The King knew of my endeavors as well. I may not be duly rewarded, but my son,
perhaps... I shook the thought from my head.

“I have gathered you here for a
purpose, my Thanes and kinspeople,” King Dunwan began after the small crowd
quieted. His sons, Mallen and Donal, flanked either side of him, and two of his
Ladies stood behind him, both looking young enough to be his grandchildren.

I glanced about for my wild-eyed
boy, knowing that he would find a way to listen in on this gathering. Sure
enough, I caught sight of his honey-colored head peeking down at me from a
loose ceiling tile. The ducts and vents in these old pre-cataclysm holds did
not offer any sort of secured privacy. For once, I was glad. I grinned up at my
boy, and he grinned back, smiling a foppish adolescent smile.

“I have summoned you as witnesses
to the descent of my lands and title. I have decided to name my heir,” Dunwan
announced. “My lands, Thanes and all other resources of New Skalland, will,
upon my death, be granted to…,” he paused for effect, beady little eyes staring
out at each and every one of us through thick wrinkles of fat, “my eldest son,
Mallen.” He finished with a flourish of his hand.

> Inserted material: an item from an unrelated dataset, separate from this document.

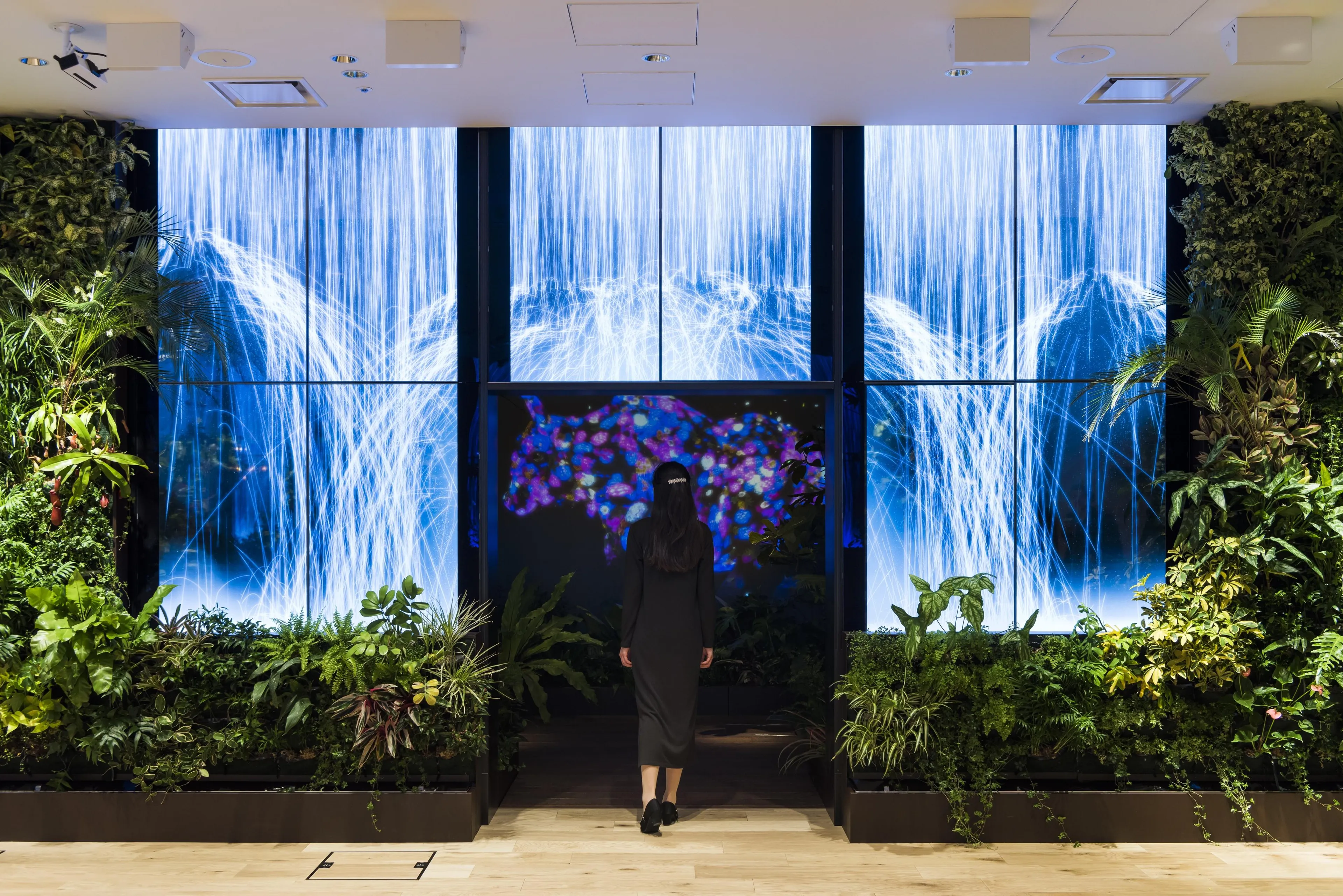 入口处的瀑布通过电脑程式实时地不断进行描绘,并不是将预先制作好的影像进行放映。从整体来说,并不是复制以前的状态。眼前这一瞬间的瀑布,错过就无法再看到第二次了。本作品中的瀑布通常作为入口和其他空间之间的蒙眼作用而存在。

My heart jumped. The other Thanes
looked a bit confused as well, but rushed to congratulate the named heir. I
looked to Madden. He wore an expression like the hard rocky face of Dunsinane
hill, stable and never-changing. I had never seen him in such a state - except
before battle.

“You will hold us a celebration at
Inveress in three days time?” Dunwan called to Madden.